Da ich im Teich eine Fläche von ca.30cmx20cm verstärken möchte suche ich einen guten und geeigneten Kleber dafür. Ich habe da im Baumarkt schon mehrere " Konstruktionskleber " angeschaut bin aber noch sehr unschlüßig welchen ich nehmen soll. Mein Nachbar hatte da wo er seinen anschlußflansch verklebt hat auch so einen Kleber und es hällt bis heute.


----------



## Digicat (5. Apr. 2010)

*AW: Welcher Kleber ist gut zum Folienkleben?*

Servus Mugge

Innotec Adheseal .... würde ich nehmen


----------



## andreas15366 (5. Apr. 2010)

*AW: Welcher Kleber ist gut zum Folienkleben?*

Hallo,

Innotec Adheseal ist sehr gut, allerdings auch teuer. Mußt unbedingt darauf achten, dass Du keine abgelaufene Kartusche verkauft bekommst, ist mir 2 mal passiert!!!

Eine gut Alternative gibt es bei OBI. Klebt ebenfalls auch unter Wasser und kostet nur so um die 10 EUR. Hab allerdings den Namen vergessen, wirst Du aber sofort finden. Steht immer bei Silikon und Acryl.

Wenn Du "nur" verstärken willst, kannst Du das OBI-Zeugs nehmen.

Beide Kleber kleben und verbinden Kautschuk und PVC gemeinsam und wechselseitig. Mit beiden Klebern kannst Du im Grunde genommen alles miteinander verkleben.

Viele Grüße

Andreas


----------



## mugge (5. Apr. 2010)

*AW: Welcher Kleber ist gut zum Folienkleben?*

Dann kann ich den Innotec Kleber auch zum Flicken der Folie verwenden?


----------



## andreas15366 (5. Apr. 2010)

*AW: Welcher Kleber ist gut zum Folienkleben?*



mugge schrieb:


> Dann kann ich den Innotec Kleber auch zum Flicken der Folie verwenden?

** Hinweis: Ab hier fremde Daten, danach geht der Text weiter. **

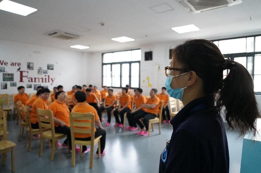 而在寝室区域,保洁人员正忙着进行定时消毒。副站长计琼介绍:“虽然现在上海重大突发公共卫生事件调整为三级响应,但我们的消毒防疫措施都是以最严格的标准来执行。”此刻,唯一留在女性宿舍区的是7月刚被送入二站的女孩小艾。她还在适应二站生活,由专人看护。手里拿着童书的她,正怯生生地看着工作人员的一举一动。

Definitiv! - Jedoch auch den von OBI. Beide nehmen sich eigentlich nichts, nur im Preis sind sie um  100 % Unterschiedlich auch die Kaufmöglichkeiten sind bei Innotec (außer Internet) teilweise begrenzt. - Hm: Und ich bin auch wirklich nicht von OBI!


----------



## sternhausen (6. Apr. 2010)

*AW: Welcher Kleber ist gut zum Folienkleben?*

Hi zusammen

Also einen Baumarktkleber, wo man nicht mal sicher gehen kann ob der Fischverträglich ist mit einem Qualitätsprodukt wie Innotec zu vergleichen finde ich persönlich schon ein wenig weit hinaus gelehnt.
Des weiteren sind auch die 100% Preisunterschied ein absoluter Schmarrn, wenngleich natürlich Qualität welche sich schon zigfach bewehrt hat ein wenig teuerer ist.
Es gibt ja auch Händler, die sich Innotec nicht mit Gold aufwiegen lassen.
Ich denke, sparen ist gut, aber sparen sollte man irgendwo anders und nicht unter Wasser.

@mugge 
Innotec kannnst du sehr vielseitig anwenden, auch für deine angefragten Vorhaben und auch unter Wasser.

Grüße
Reinhard


----------



## andreas15366 (6. Apr. 2010)

*AW: Welcher Kleber ist gut zum Folienkleben?*

Vollkommener Blödsinn von wegen "weit hinaus gelehnt:" 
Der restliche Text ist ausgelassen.